Drug combination screening using machine-learning and PK/PD modeling
Joseph Cicchese1, Shuyi Ma2,3, Suraj Jaipalli4, Awanti Sambarey4, Jonah Larkins-Ford5, Jenny Lohmiller2, Bree B. Aldridge5, David R. Sherman2,3, Denise Kirschner6, Jennifer Linderman1, Sriram Chandrasekaran4
1 - Department of Chemical Engineering, University of Michigan, Ann Arbor, Michigan, USA; 2 - Department of Microbiology, University of Washington, Seattle, Washington, USA; 3 - Center for Global Infectious Disease Research, Seattle Children’s Research Institute, Seattle, Washington, USA; 4 - Department of Biomedical Engineering, University of Michigan, Ann Arbor, Michigan, USA
5 - Department of Molecular Biology and Microbiology, Tufts University School of Medicine, Boston, Massachusetts, USA
6 - Department of Microbiology and Immunology, University of Michigan Medical School, Ann Arbor, Michigan, USA
The search for new TB therapies is hindered by the large number of drug combinations, dosing choices, and complex pharmaco-kinetics/dynamics (PK/PD).
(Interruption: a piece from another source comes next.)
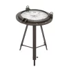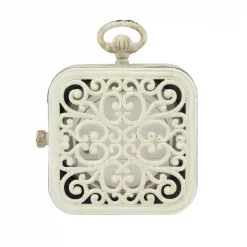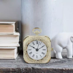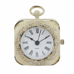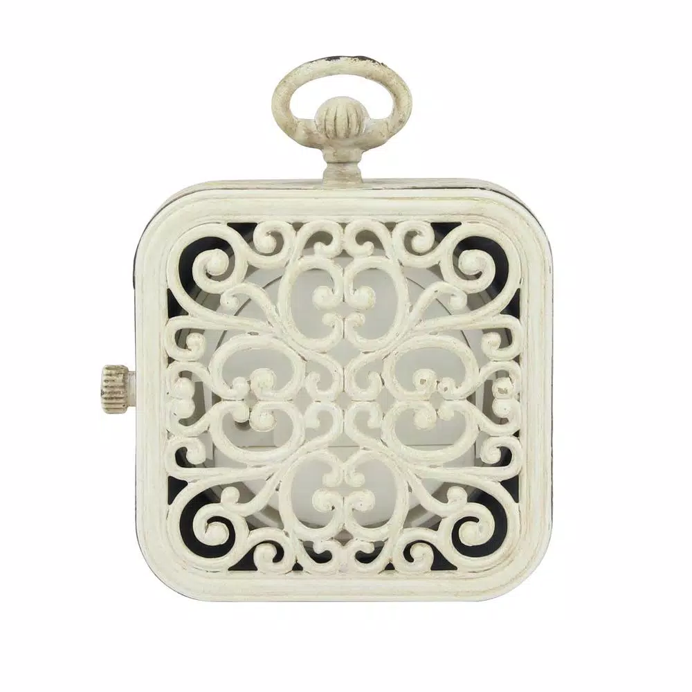 The small weathered white tabletop clock is adorable and is even finished with whimsical details on the back. The clock requires 1 AAA battery that is not included. It is the perfect size for a small desk or bedside table.

Here we present a pipeline that incorporates both machine learning and PK/PD modeling to design multi-drug regimens. We utilize a machine-learning model, INDIGO-MTB, to predict drug interactions using transcriptome profiling of individual drugs. The INDIGO-MTB model contains 164 drugs with anti-TB activity and identified synergistic two-, three-, and four-drug regimens from over a million possible combinations. By linking INDIGO-MTB with a model of drug PK/PD and pathogen-immune interactions called GranSim, we calculate an in vivo interaction score for drug combinations. The interaction score incorporates dynamics of drug diffusion, spatial distribution, and activity within lesions against various pathogen sub-populations. Predictions from our model significantly correlates with both experimental interaction scores and efficacy metrics from clinical trials. Our framework enables efficient optimization of combination therapies (Ma et al, mBio, 2019; Cicchese et al, Biorxiv, 2020).